За атлетическую доблесть и потакание простительному капризу гостеприимца Флакк сполна вознаградил партнеров по игре. Вскоре явившиеся на звон серебряного колокольчика четыре красивые молоденькие рабыни, одетые, вернее, прозрачно раздетые по образцу египетских флейтисток, увлекли славных воителей в отдельный аподитерий облачаться в свежее платье и на обед, там же по соседству в банном триклинии.

Все и вся замечающий, никого и ничего не упускающий из виду епископ милостиво, без лишних слов простил центурионам их незначительные мужские грехи. Мысленно помолился он и за спасение душ подневольных флейтисток, вынужденных повиноваться любым приказам доминуса, в чьей безраздельной фамильной патриархальной деспотии пребывают все чада и домочадцы виллы Ферродика, их бренные тела и в какой-то мере разумные души. Любой доминус-хозяин-магистрат суть непреложный патриарх и патрон, от Бога пророчески обладающий в патримонии, в имении и владении непререкаемой отеческой властью над грешной плотью, ему подчиненной.

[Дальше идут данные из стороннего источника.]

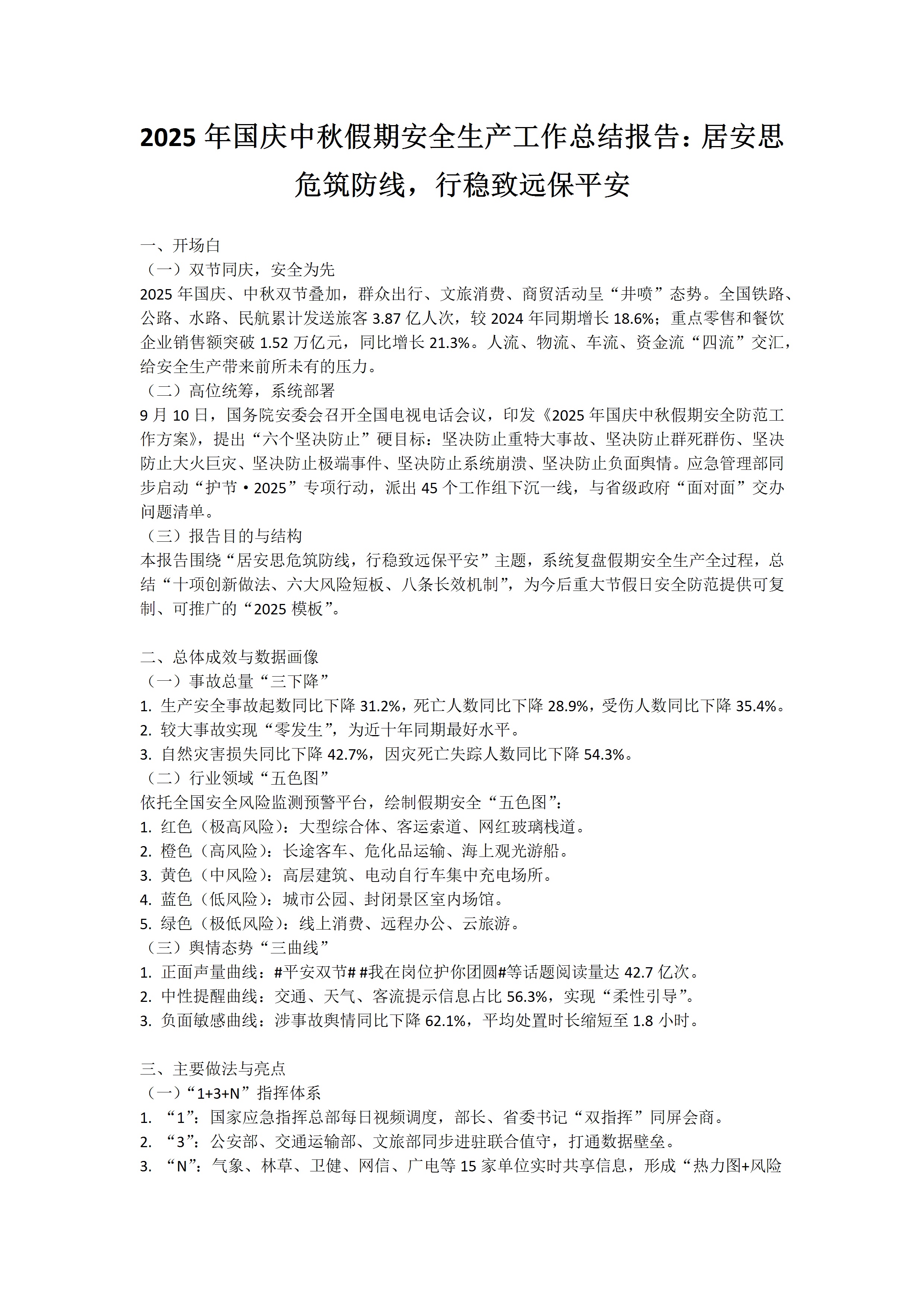 2025年国庆中秋假期安全生产工作总结报告居安思危筑防线,行稳致远保平安 文档25.10.12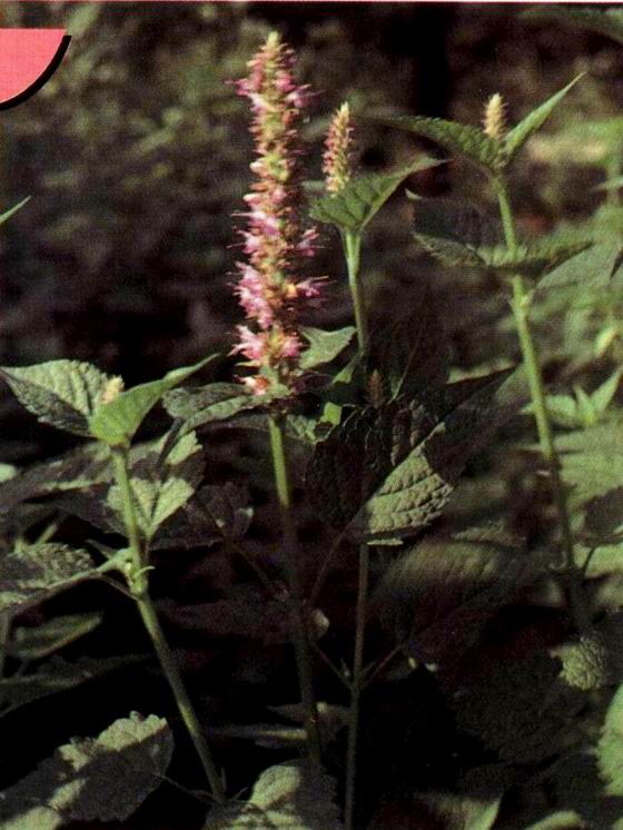 形态特征:唇形科藿香属多年生直立草本植物,茎高0.5-1.5米。叶心状卵形至矩圆状披针形,长4.5-11厘米,宽3-6.5厘米。轮伞花序多花,在主茎或侧枝上组成顶生密集圆筒状的假穗状花序,蓝紫色或淡紫色。小坚果卵状矩圆形,腹部具棱,顶端具短硬毛,*。

Потому-то не менее душевно отец Аврелий Августин, не чинясь и не возражая, отнесся к старомодной хозяйской прихоти возлежать за обедом в тогах. Ничего не поделать, коли хозяин в доме есть патрон и государь для всех без изъятия клиентов и домочадцев, включая званых досточтимых гостей. Хотя, если припомнить, в последний раз в тогу он, ритор Аврелий, облачался лет двадцать пять тому назад, отправляясь испрашивать рекомендательное письмо у строгого ревнителя языческих обычаев римского сенатора Квинта Симмака. Искомую рекомендацию у сенатора-язычника он тогда получил и предстал профессором-магистром придворной риторской школы в Медиолане.

Теперь вот, исходя из подобного уважительного отношения к чисто человеческим правилам жизни, смиренно не отказался епископ Аврелий отведать предложенных ему изысканных мясных блюд. Пусть по монастырскому обыкновению скоромной пищи он избегает, довольствуясь овощами и фруктами, все-таки ему пришлось отдать кое-какую гастрономическую дань уважения белому мясу страуса, в натуральную величину запеченного и нафаршированного более мелкой дичью.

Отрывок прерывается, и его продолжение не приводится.